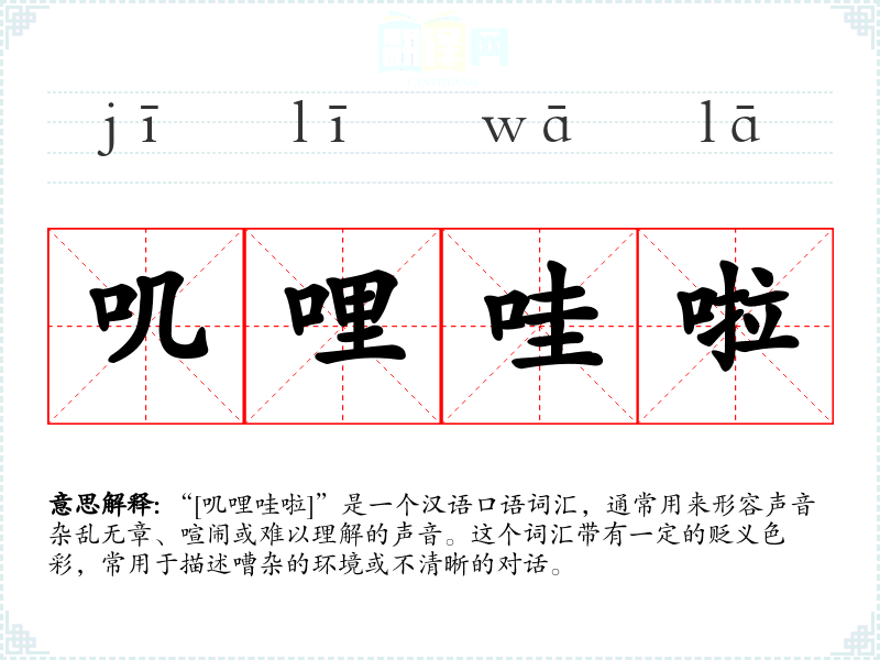 “[叽哩哇啦]”是一个汉语口语词汇,通常用来形容声音杂乱无章、喧闹或难以理解的声音。这个词汇带有一定的贬义色彩,常用于描述嘈杂的环境或不清晰的对话。
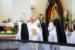 Vào ngày 24 tháng 3, quý Chị em trong Hội dòng hân hoan đón chào Đức Cha Giuse Ngô Quang Kiệt – Nguyên TGM Hà Nội, cùng quý Cha tới để hiệp dâng Thánh lễ vào lúc 10g00. Với các nữ tu Đa Minh Bùi Chu, đây chính là lời chúc mừng sớm mang đầy ý nghĩa và tình thương mến mà Đức tổng Giuse tặng cho Hội dòng nhân dịp mừng sinh nhật thứ 75. Và đây cũng chính là tâm tình tạ ơn Thiên Chúa mà Đức tổng, quý Cha và quý Chị em cùng hiệp lòng dâng lên Thiên Chúa vì tình thương của Ngài tuôn đổ trên Hội dòng suốt những năm tháng qua.
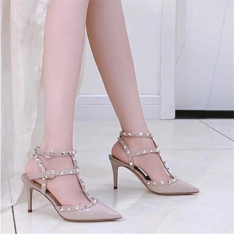 细跟铆钉尖头气质高跟鞋2025新款
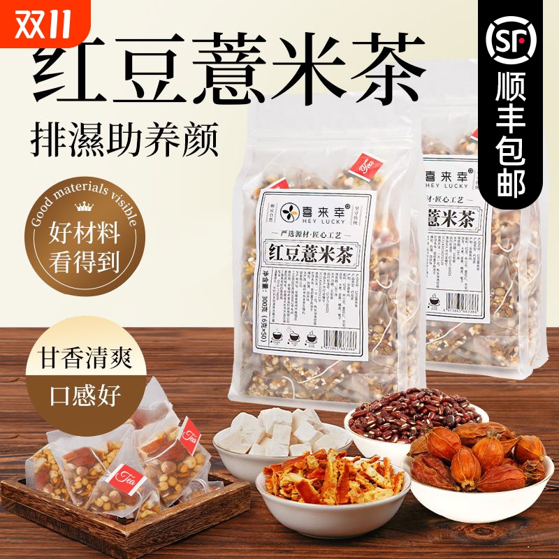 炒熟芡实赤豆薏米茶包祛湿茶红豆茯苓薏湿茶非去除湿气排养体寒毒
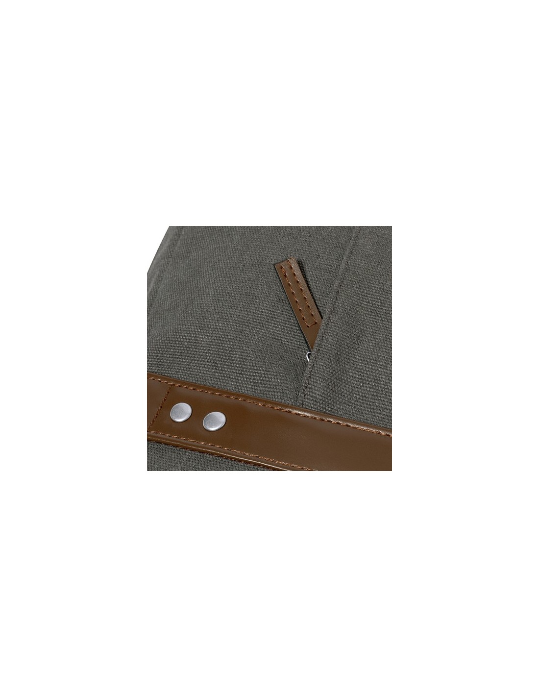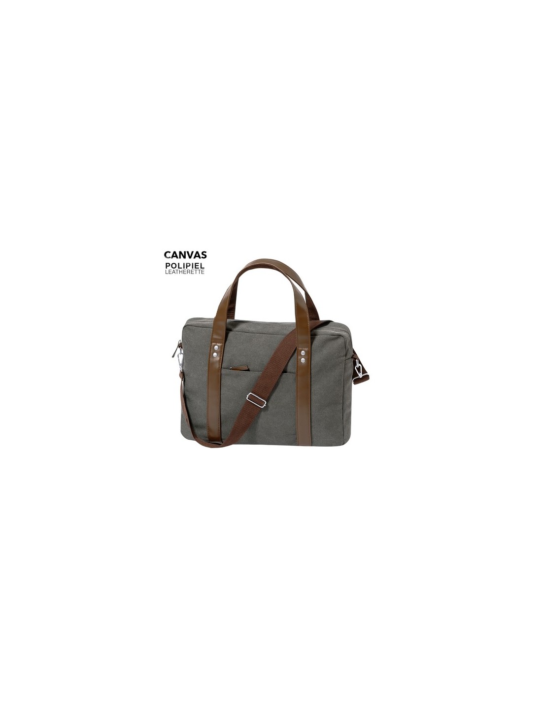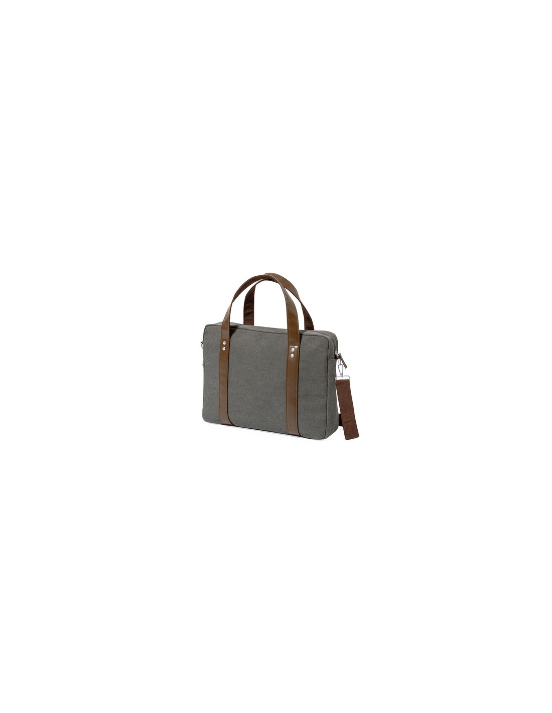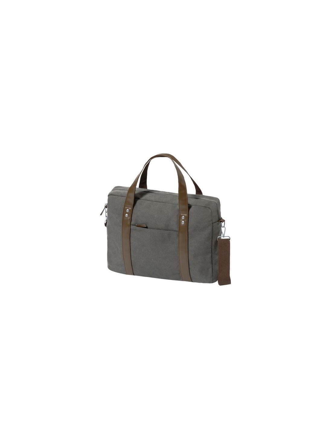 Portadocumentos bandolera de diseño atemporal, fabricado en resistente canvas de 475 g/m2, color gris, con cintas en polipiel y práctica cinta para hombro ajustable. Interior acolchado con compartimento ordenador portátil de hasta 15 pulgadas. Incluye práctico bolsillo en el exterior. Presentado en bolsa individual reciclada. Acolchado. Bolsillo Acolchado para Portátil Composition : Canvas/ Polipiel.
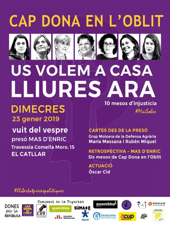Aquest dimecres 23 de gener, a El Catllar, a la presó de Mas d’Enric es farà una nova concentració per donar tot el suport a les dones en presó o a l’exili.

▶ Exercise objective
Every entry must be reproduced exactly, with the images left out.

▶ Answer box
 “[叽哩哇啦]”是一个汉语口语词汇,通常用来形容声音杂乱无章、喧闹或难以理解的声音。这个词汇带有一定的贬义色彩,常用于描述嘈杂的环境或不清晰的对话。
 Vào ngày 24 tháng 3, quý Chị em trong Hội dòng hân hoan đón chào Đức Cha Giuse Ngô Quang Kiệt – Nguyên TGM Hà Nội, cùng quý Cha tới để hiệp dâng Thánh lễ vào lúc 10g00. Với các nữ tu Đa Minh Bùi Chu, đây chính là lời chúc mừng sớm mang đầy ý nghĩa và tình thương mến mà Đức tổng Giuse tặng cho Hội dòng nhân dịp mừng sinh nhật thứ 75. Và đây cũng chính là tâm tình tạ ơn Thiên Chúa mà Đức tổng, quý Cha và quý Chị em cùng hiệp lòng dâng lên Thiên Chúa vì tình thương của Ngài tuôn đổ trên Hội dòng suốt những năm tháng qua.
 细跟铆钉尖头气质高跟鞋2025新款
 炒熟芡实赤豆薏米茶包祛湿茶红豆茯苓薏湿茶非去除湿气排养体寒毒
 Portadocumentos bandolera de diseño atemporal, fabricado en resistente canvas de 475 g/m2, color gris, con cintas en polipiel y práctica cinta para hombro ajustable. Interior acolchado con compartimento ordenador portátil de hasta 15 pulgadas. Incluye práctico bolsillo en el exterior. Presentado en bolsa individual reciclada. Acolchado. Bolsillo Acolchado para Portátil Composition : Canvas/ Polipiel.
Aquest dimecres 23 de gener, a El Catllar, a la presó de Mas d’Enric es farà una nova concentració per donar tot el suport a les dones en presó o a l’exili.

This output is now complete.